XIII. M. de Queylus est expulsé de nouveau du Canada.


A ne considérer les choses que selon la sagesse humaine, l'établissement des trois communautés à Villemarie ne pouvait être plus chancelant. Des quatre ecclésiastiques que M. de Queylus avait laissés au séminaire au moment de son expulsion du Canada, deux avaient été massacrés par les sauvages. Les filles de Saint-Joseph ne pouvaient obtenir de M. de Laval d'être érigées en communauté, non plus que les sœurs de la Congrégation, qui se voyaient d'ailleurs menacées d'être remplacées par des Ursulines. La colonie elle-même était exposée chaque jour à être dissipée et ruinée par les attaques continuelles des Iroquois.

Enfin, l'état précaire du séminaire, l'unique soutien des deux autres communautés, devait faire concevoir encore pour l'avenir de nouvelles alarmes; car, après le massacre de M. Le Maistre , et trois jours seulement avant celui de M. Vignal, M. de Queylus, ayant reparu en Canada, fut obligé, par M. de Laval, alors très-puissant à la cour, de quitter de nouveau ce pays (*).
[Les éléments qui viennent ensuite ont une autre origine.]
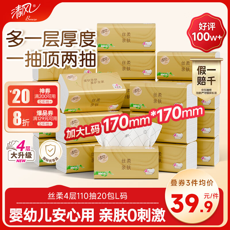 清风抽纸 丝柔4层110抽20包L码 纸巾卫生纸 餐巾纸纸抽 面巾纸 整箱装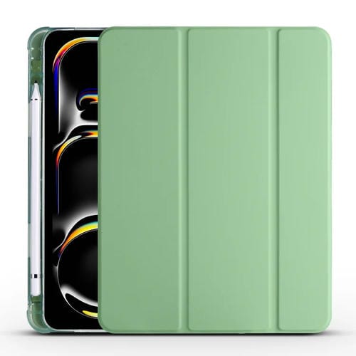 Pour iPad Pro 13 2024 Étui pour tablette intelligente en cuir TPU à 3 volets avec fente pour stylo (vert matcha)

Il y était venu pour exécuter une commission qu'il avait reçue du saint-siège, d'ériger canoniquement une cure à Villemarie, et d'en être le premier curé (1) : ce que M. de Laval jugeait apparemment pouvoir nuire à son autorité épiscopale. Quoi qu'il en soit, la droiture des intentions de ce prélat; la pureté de ses vues et l'ardeur de son zèle doivent excuser tout ce qu'il y aurait eu d'excessif dans sa conduite à l'égard de M. de Queylus ; car il ne voulait que le bien de son Église, et lorsqu'il jugeait qu'une mesure était propre à y procurer la plus grande gloire de DIEU , il en poursuivait l'exécution avec une fermeté et une vigueur qui trouvent peu d'exemples. « Notre prélat, écrivait la mère Marie de l'Incarnation, est très-zélé et inflexible; zélé pour ce qu'il croit devoir augmenter la gloire de DIEU, et inflexible pour ne point céder en ce qui y est contraire. Je n'ai point encore vu de personne tenir si ferme que lui en ces deux points (1). »


_______________________

(1) Archives du séminaire de Paris, assemblée du 1er juillet 1661.
(1) ) Lettres de la mère de l’Incarnation, lettre XC, du 17 septembre 1660, p. 203.